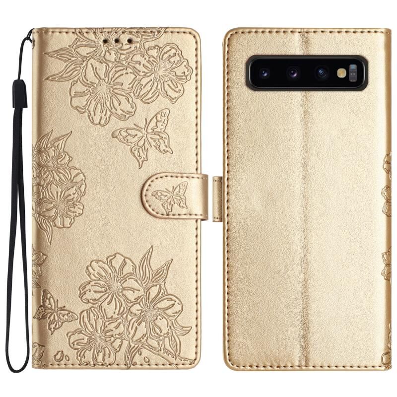 Θήκη τηλεφώνου Samsung Galaxy S10 Cherry Blossom Butterfly με ανάγλυφο PU υλικό αίσθησης δέρματος (Κόκκινο)
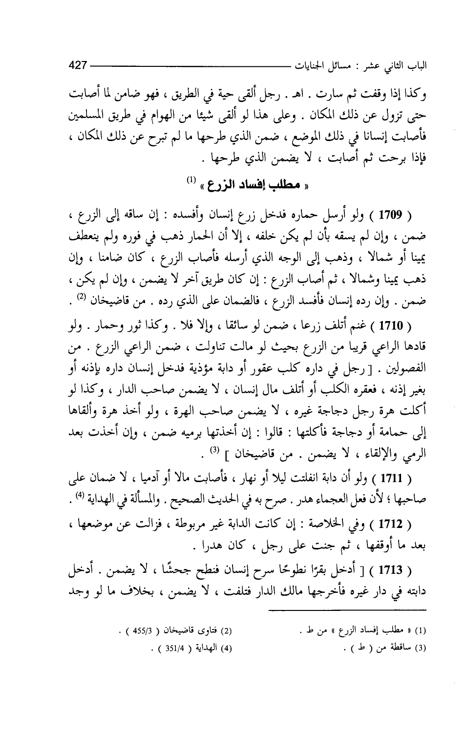 وكذا إذا وقفت ثم سارت ا هـ رجل ألقى حية في الطريق فهو ضامن لما أصابت حتى تزول عن ذلك المكان وعلى هذا لو ألقى شيئا من الهوام في طريق المسلمين فأصابت إنسانا في ذلك الموضع ضمن الذي طرحها ما لم تبرح عن ذلك المكان فإذا برحت ثم أصابت لا يضمن الذي طرحها مطلب إفساد الزرع ولو أرسل حماره فدخل زرع إنسان وأفسده إن ساقه إلى الزرع ضمن وإن لم يسقه بأن لم يكن خلفه إلا أن الحمار ذهب في فوره ولم ينعطف يمينا أو شمالا وذهب إلى الوجه الذي أرسله فأصاب الزرع كان ضامنا وإن ذهب يمينا وشمالا ثم أصاب الزرع إن كان طريق آخر لا يضمن وإن لم يكن ضمن وإن رده إنسان فأفسد الزرع فالضمان على الذي رده. من قاضي خان. غنم أتلف زرعا ضمن لو سائقا وإلا فلا وكذا ثور وحمار ولو قادها الراعي قريبا من الزرع بحيث لو مالت تناولت ضمن الراعي الزرع. من الفصولين. ولو أن دابة انفلتت ليلا أو نهارا فأصابت مالا أو آدميا لا ضمان على صاحبها لأن فعل العجماء هدر صرح به في الحديث الصحيح والمسألة في الهداية وفي الخلاصة إن كانت الدابة غير مربوطة فزالت عن موضعها بعد ما أوقفها ثم جنت على رجل كان هدرا لو وجد في زرعه أو كرمه دابة وقد أفسدت زرعه فحبسها فهلكت ضمن صاحب الكرم. من الخلاصة. دخلت دابته زرع غيره تفسده ولو دخله ليخرجها يفسده أيضا لكن أقل من الدابة يجب عليه إخراجها ويضمن ما أتلفت ولو كانت دابة غيره لا يجب ولو أخرجها فهلكت لا يضمن لأنه مأذون في ذلك دلالة من الجانبين رأى حماره يأكل حنطة غيره فلم يمنعه حتى أكلها ففيه اختلاف المشايخ والصحيح أنه يضمن. من القنية. إذا رأى في زرعه دابة فأخرجها فمقدار ما يخرجها عن ملكه لا يكون مضمونا فإذا ساقها وراء ذلك القدر يصير ضامنا بنفس السوق هكذا ذكره علي السغدي وتبعه أبو نصر إلا أنه قال إذا ساقها في أي موضع يأمن فيها لا يكون ضامنا وقال بعضهم إذا وجد الرجل دابة في زرعه فأخرجها فقتلها سبع كان ضامنا لأنه لا ينبغي أن يخرجها ولكن ينبغي أن يستعدي على صاحبها والصحيح ما قاله الإمام علي السغدي إن له أن يخرجها عن ملكه ولا يسوقها وراء ذلك فإن ساقها بعد ما أخرجها عن ملكه يصير ضامنا. من قاضي خان. وفي الصغرى قال الليث ولسنا نأخذ بقول من يقول لا ينبغي له أن يخرجها بل نأخذ بما روي عن محمد بن الحسن أنه قال لا يضمن لو أخرجها لأن لصاحب الزرع أن يخرج الدابة من زرعه ولا يسوقها أكثر من ذلك ا هـ وإن ساقها ليردها فعطبت في الطريق وانكسر رجلها كان ضامنا ولو أن صاحب الزرع لم يخرجها ولكنه أمر صاحبها أن يخرجها فأفسدت شيئا في إخراجها قال الفقيه أبو الليث لا يكون ضامنا لما أفسدت لأنه أخرجها بأمره ولو أنه قال لصاحب الدابة دابتك في الزرع ولم يقل أخرجها فأخرجها صاحبها فأفسدت شيئا في إخراجها كان ضامنا وقال أبو نصر في الوجه الأول يكون ضامنا أيضا لوجود السوق من صاحبها وصاحب الزرع لم يضمن بالفساد وإنما طلب منه الصيانة. من قاضي خان. ولو أن صاحب الزرع حمل على دابة وجدها في زرعه فأسرعت ضمن ما أصابت وكذا لو تبعها كثيرا بعد ما أخرجها فذهبت ضمن ولو أخرجها أجنبي قال أبو نصر أرجو أن لا يضمن وعن بعضهم يضمن ذكره في الفصولين وبعض هذه المسائل في الغصب وقد مر فيه حكم ما لو وجد في زرعه ثورين ليلا فظن أنهما لأهل قريته فساقهما إلى مربطه وضاع أحدهما فليطلب هناك دخل زرعه جمل غيره مرارا ولا يطيق منعه فحبسه حتى يجيء صاحبه ثم غاب الجمل من الإصطبل فوجد مكسور الرجل فإن لم ينكسر في حبسه قالوا لا يضمن وقد قالوا يضمن ما لم يسلمه إلى صاحبه فالرأي فيه إلى القاضي. من القنية. أدخل بقرا نطوحا بسرح إنسان فنطح جحشا لا يضمن أدخل دابته في دار غيره فأخرجها مالك الدار فتلفت لا يضمن بخلاف ما لو وجد
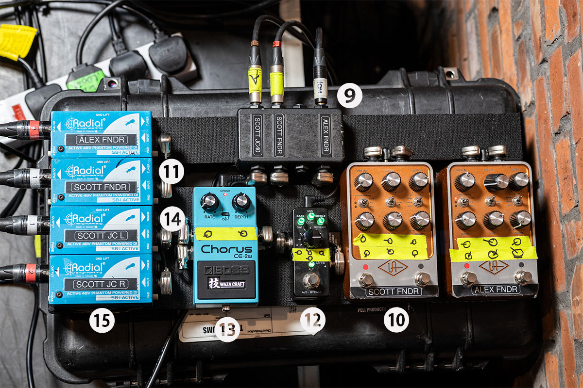 ギターからの接続順は、まずスコットの足下に置かれたボード内の①ジャンクション・ボックスを経由し、②〜⑧の番号どおりにつながれている。⑧BigSkyからステレオ・アウトになり、再び①ジャンクション・ボックスへ。そこからステージ袖に置かれたボードに接続される。
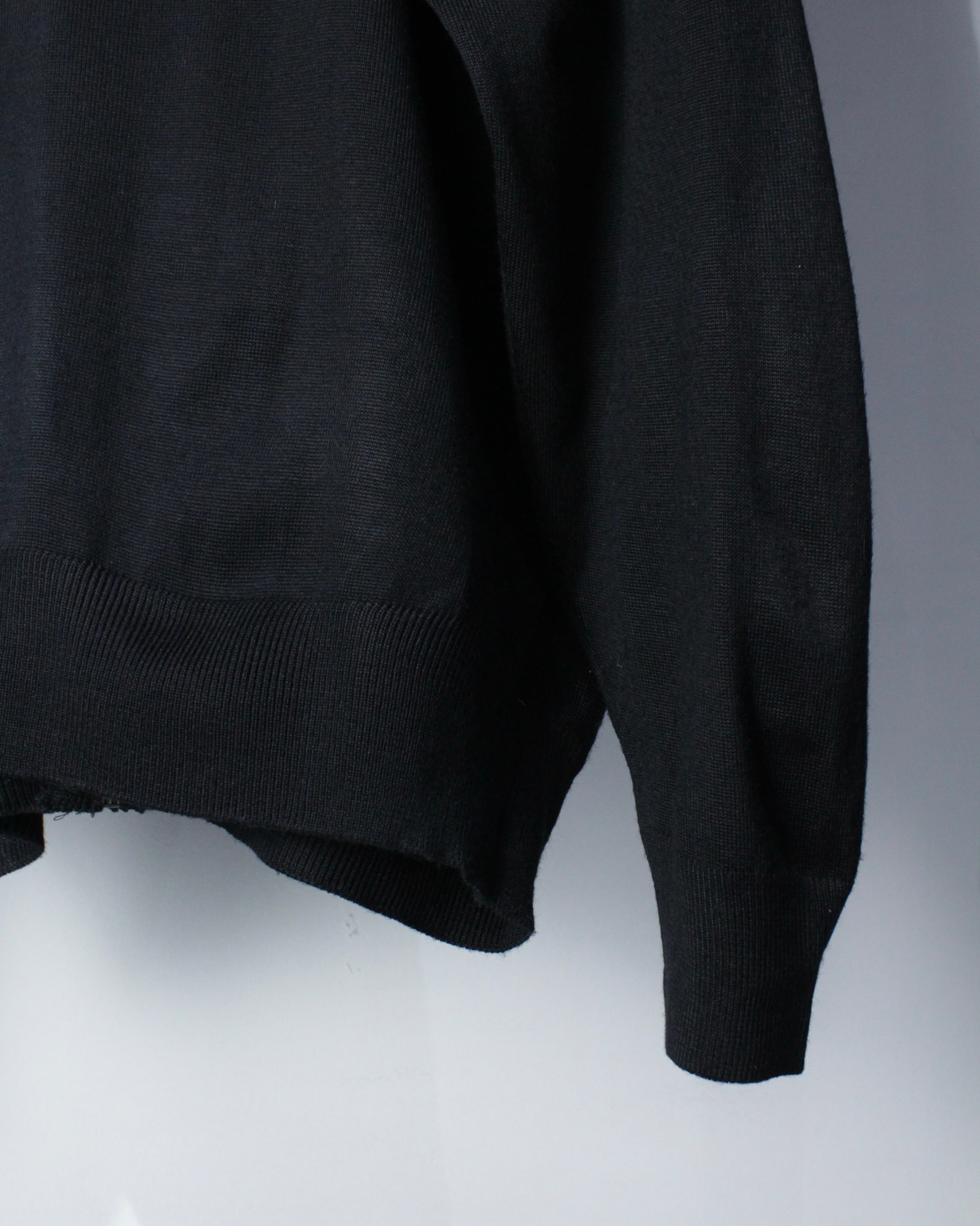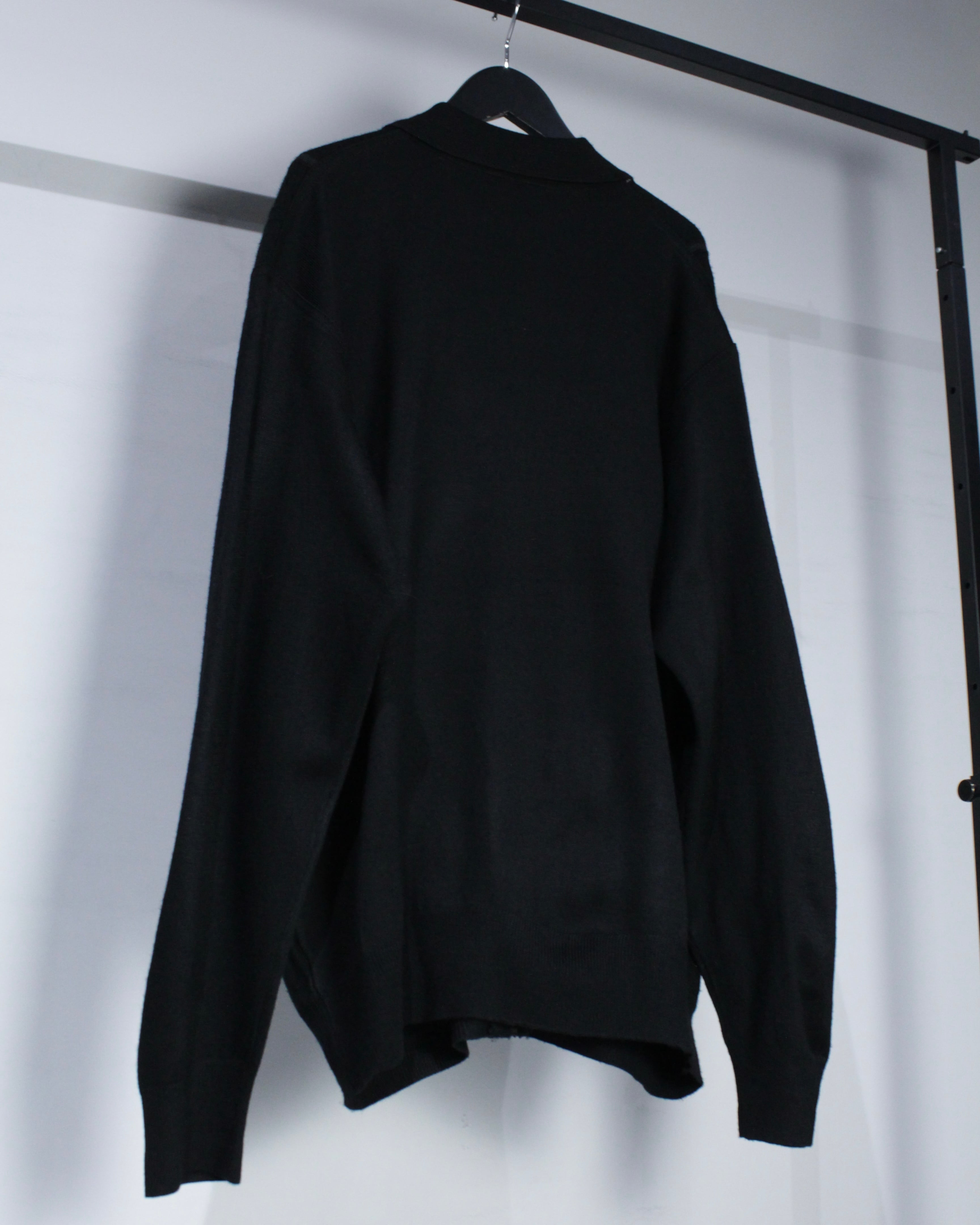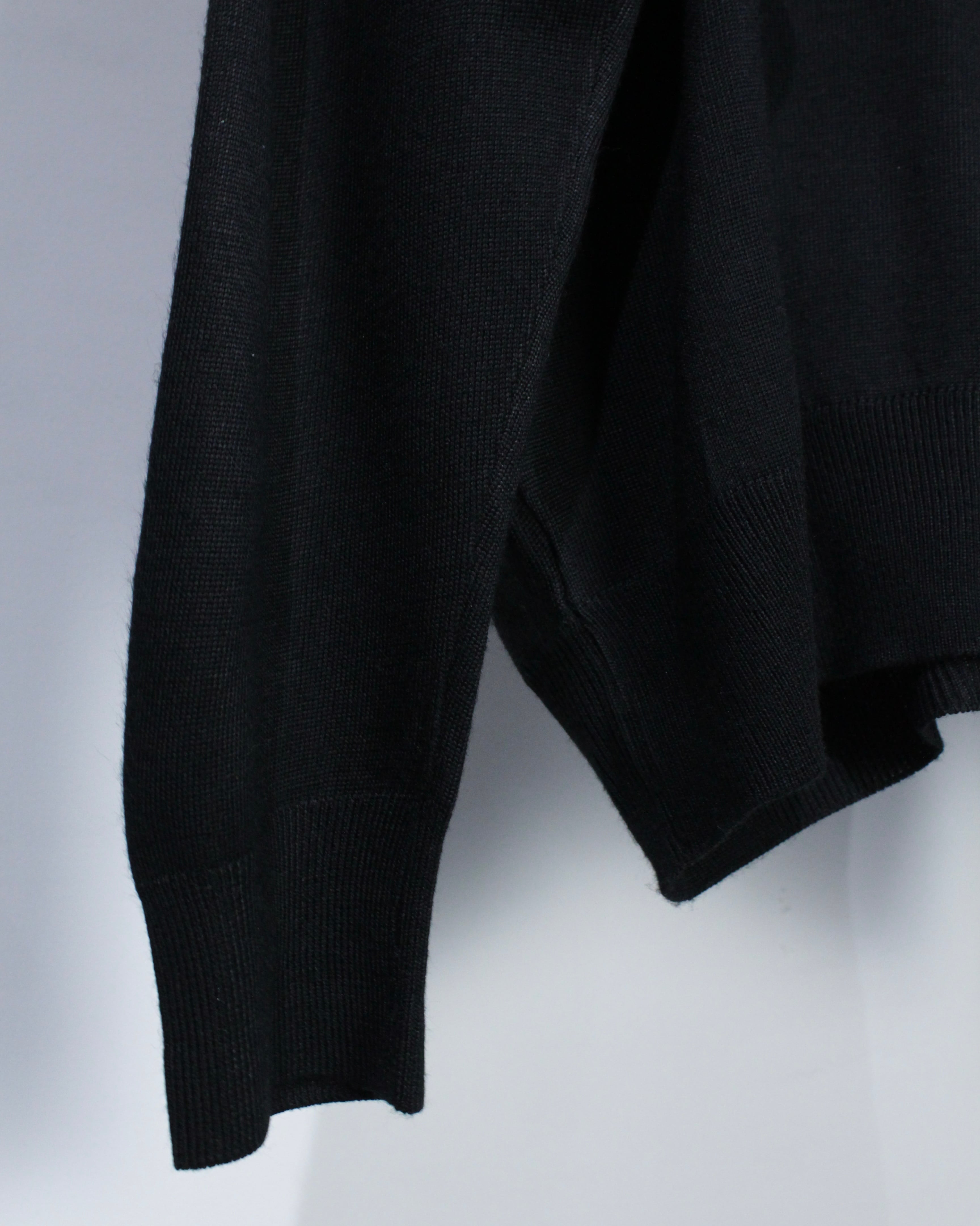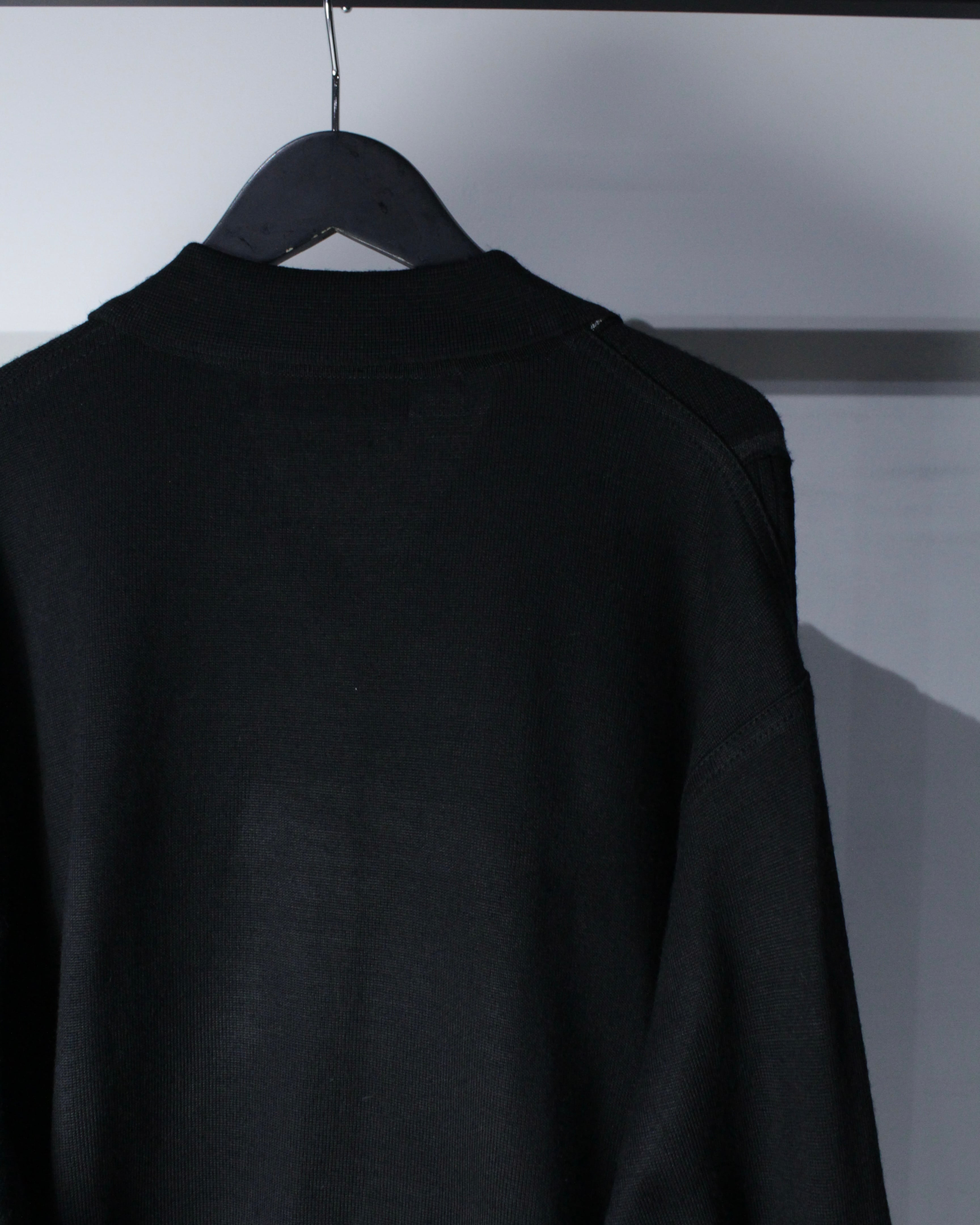 ミニマルな面構えながら、編み地の切り替えとラインのコントラストが立体感を生み、モードなムードを纏った1着に仕上がっています。
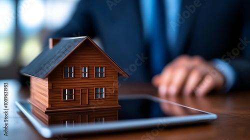 Real estate agent showcasing foreclosed home listings on tablet. Concept, banner with copy space
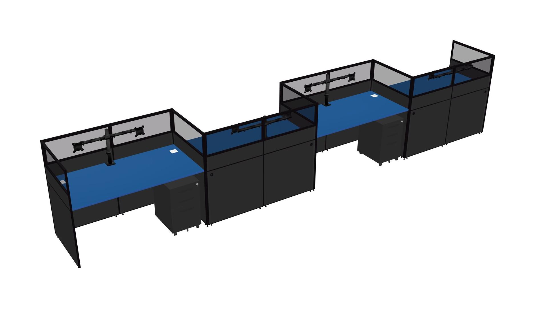 Prism Blue Rectangular Cubicle Workstations For 4 - Zigzag Formation + Black Metal Mobile Drawers
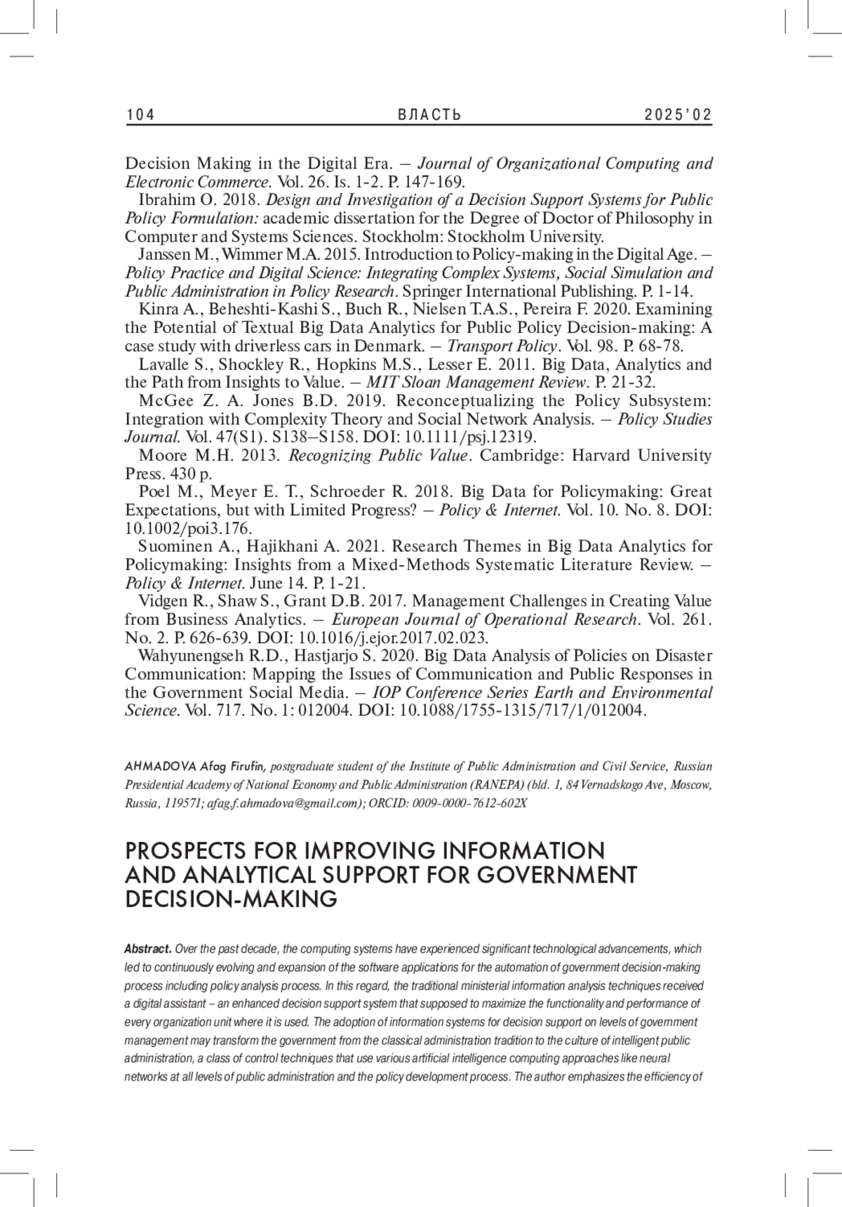 7. 	Dingelstad J., Borst R.T., Meijer A. 2022. Hybrid Data Competencies for Municipal Civil Servants: An Empirical Analysis of the Required Competencies for Data-Driven Decision-Making. - Public Personnel Management. Vol. 51. No. 2. P. 1-33. EDN: WDEMAG
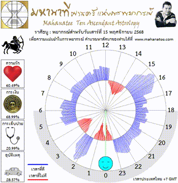 แผนภูมิและพยากรณ์ 12 ราศี สำหรับ วันเสาร์ที่ 15 พฤศจิกายน 2568

• **EXERCISE REQUIREMENTS**
Beginning with the line above that contains "ギターからの接続順は、まずス" and finishing with the line that contains "Real estate agent", print those lines exactly and only. Skip all pictures.

• **ANSWER FOR THE TASK**
 ギターからの接続順は、まずスコットの足下に置かれたボード内の①ジャンクション・ボックスを経由し、②〜⑧の番号どおりにつながれている。⑧BigSkyからステレオ・アウトになり、再び①ジャンクション・ボックスへ。そこからステージ袖に置かれたボードに接続される。
 ミニマルな面構えながら、編み地の切り替えとラインのコントラストが立体感を生み、モードなムードを纏った1着に仕上がっています。
 Real estate agent showcasing foreclosed home listings on tablet. Concept, banner with copy space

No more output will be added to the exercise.